- [DATA TO PROCESS]

§ §

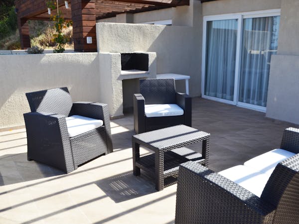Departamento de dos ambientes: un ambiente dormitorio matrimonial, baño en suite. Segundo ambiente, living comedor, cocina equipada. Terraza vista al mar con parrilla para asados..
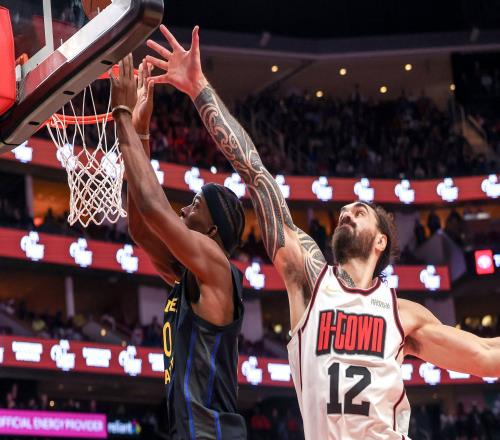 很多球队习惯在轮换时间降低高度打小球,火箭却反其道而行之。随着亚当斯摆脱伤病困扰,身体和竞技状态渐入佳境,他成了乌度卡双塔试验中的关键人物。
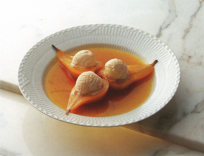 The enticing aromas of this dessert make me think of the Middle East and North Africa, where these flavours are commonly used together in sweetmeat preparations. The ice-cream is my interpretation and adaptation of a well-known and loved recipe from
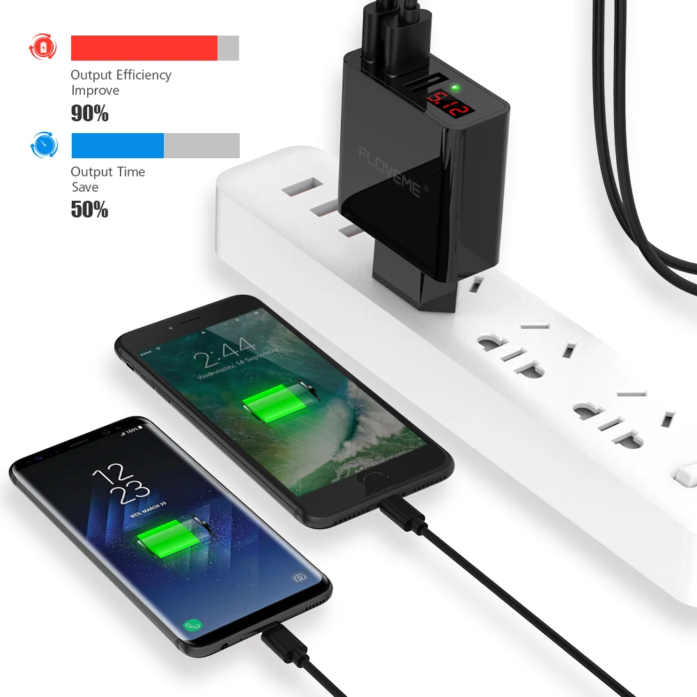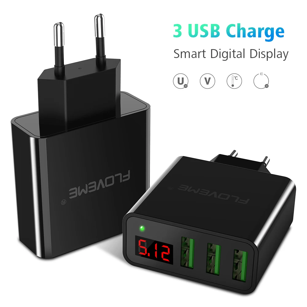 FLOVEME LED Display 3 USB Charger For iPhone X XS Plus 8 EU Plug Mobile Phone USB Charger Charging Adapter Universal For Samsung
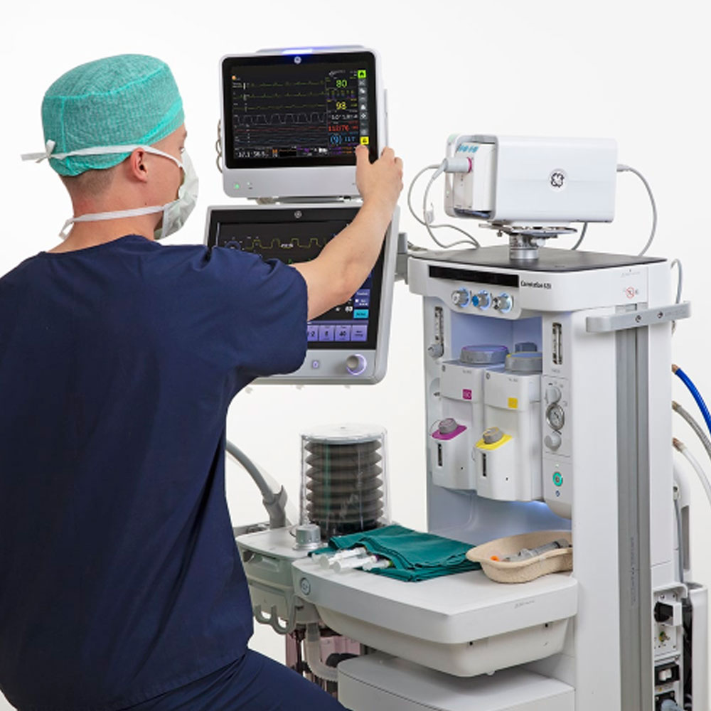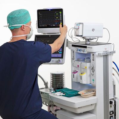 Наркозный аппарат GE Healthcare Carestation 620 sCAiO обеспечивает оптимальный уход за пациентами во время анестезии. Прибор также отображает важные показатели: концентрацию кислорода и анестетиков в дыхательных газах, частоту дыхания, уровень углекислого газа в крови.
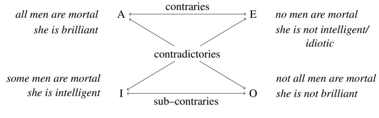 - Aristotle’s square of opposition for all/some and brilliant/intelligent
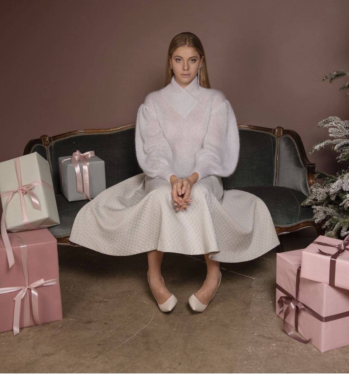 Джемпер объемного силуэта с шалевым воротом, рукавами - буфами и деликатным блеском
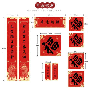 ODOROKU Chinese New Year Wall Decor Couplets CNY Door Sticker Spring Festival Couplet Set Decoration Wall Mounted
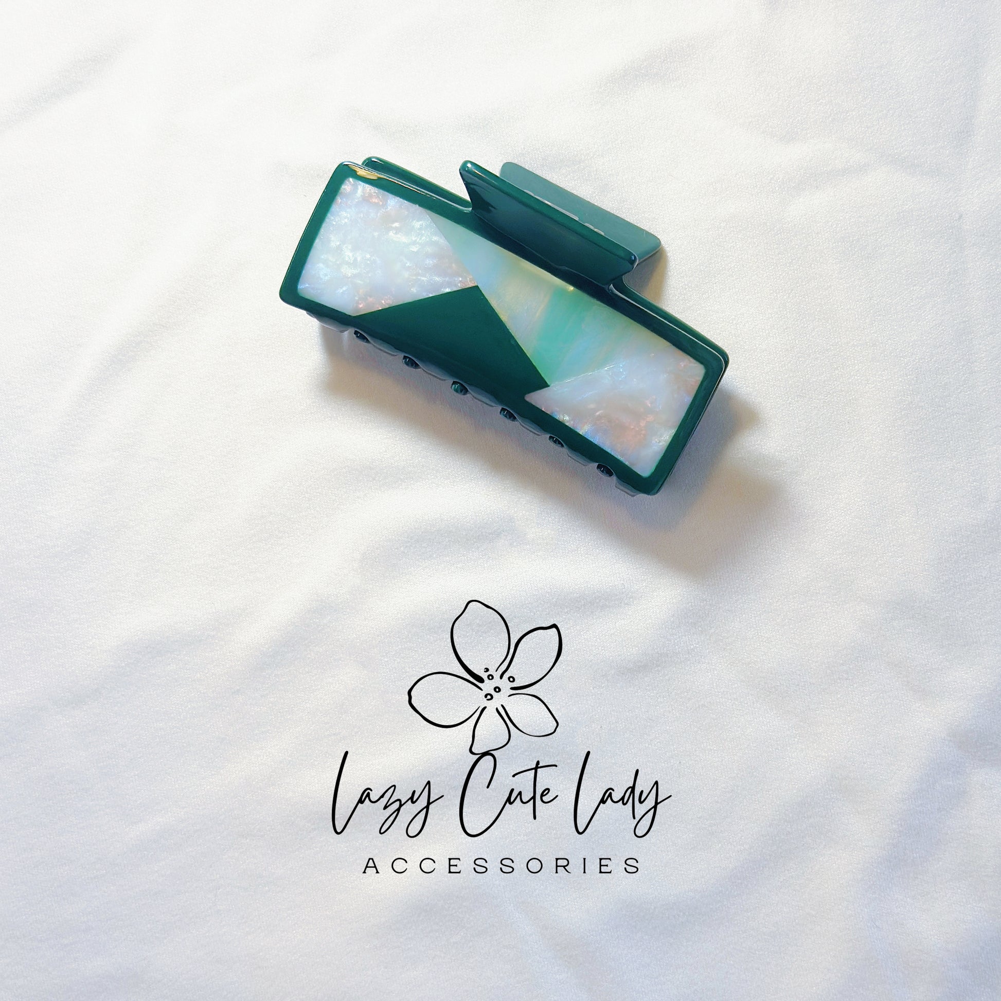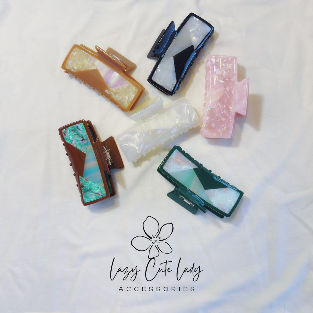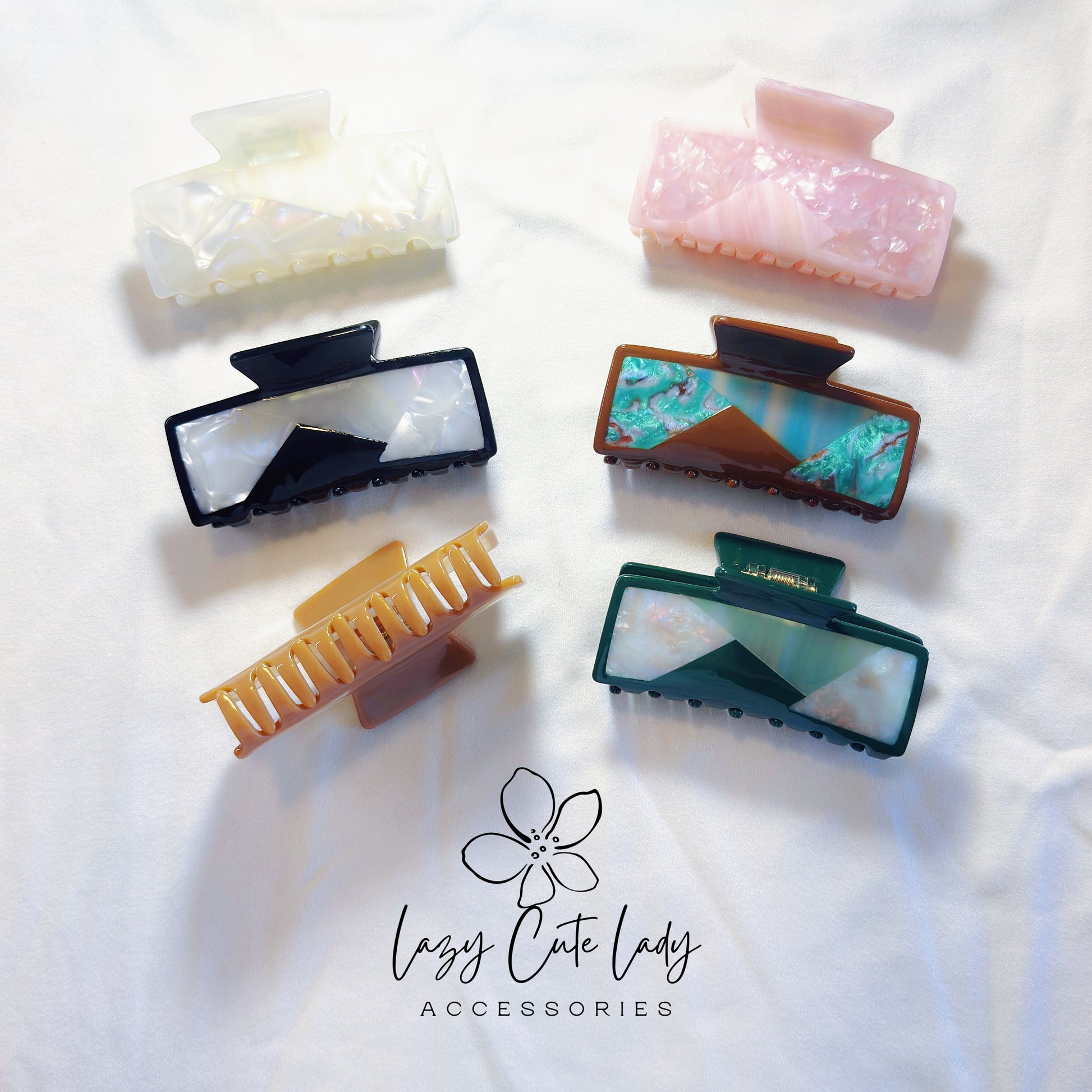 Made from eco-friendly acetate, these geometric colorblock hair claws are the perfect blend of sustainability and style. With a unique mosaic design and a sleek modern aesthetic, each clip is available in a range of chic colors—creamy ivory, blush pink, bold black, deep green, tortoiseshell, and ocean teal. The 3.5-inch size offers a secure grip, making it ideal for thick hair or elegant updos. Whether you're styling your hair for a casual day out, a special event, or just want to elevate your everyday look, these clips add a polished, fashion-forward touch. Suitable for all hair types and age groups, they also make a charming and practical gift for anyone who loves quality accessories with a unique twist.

§ §

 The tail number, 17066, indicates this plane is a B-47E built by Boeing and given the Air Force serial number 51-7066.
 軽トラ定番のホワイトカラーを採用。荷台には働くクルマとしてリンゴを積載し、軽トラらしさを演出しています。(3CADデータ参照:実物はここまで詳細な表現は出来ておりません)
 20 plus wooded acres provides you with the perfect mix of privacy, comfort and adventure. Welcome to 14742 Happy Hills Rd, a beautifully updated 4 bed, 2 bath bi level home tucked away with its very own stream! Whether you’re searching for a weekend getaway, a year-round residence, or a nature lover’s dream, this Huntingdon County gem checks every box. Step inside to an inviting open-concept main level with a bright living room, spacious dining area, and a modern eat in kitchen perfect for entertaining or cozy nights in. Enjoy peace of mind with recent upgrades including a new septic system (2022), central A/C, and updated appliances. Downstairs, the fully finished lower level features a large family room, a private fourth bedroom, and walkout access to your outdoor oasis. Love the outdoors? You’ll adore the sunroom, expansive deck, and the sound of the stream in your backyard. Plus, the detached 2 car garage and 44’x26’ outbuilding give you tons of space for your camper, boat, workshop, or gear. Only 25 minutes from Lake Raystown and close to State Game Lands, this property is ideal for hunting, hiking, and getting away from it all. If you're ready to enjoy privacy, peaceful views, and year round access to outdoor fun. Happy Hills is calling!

§ §

- [PROBLEM] Restate the lines above from the one containing "Departamento de dos" through the one containing "很多球队习惯在轮换时间降低高", inclusive, exactly and without pictures.

- [RESPONSE]
Departamento de dos ambientes: un ambiente dormitorio matrimonial, baño en suite. Segundo ambiente, living comedor, cocina equipada. Terraza vista al mar con parrilla para asados..
 很多球队习惯在轮换时间降低高度打小球,火箭却反其道而行之。随着亚当斯摆脱伤病困扰,身体和竞技状态渐入佳境,他成了乌度卡双塔试验中的关键人物。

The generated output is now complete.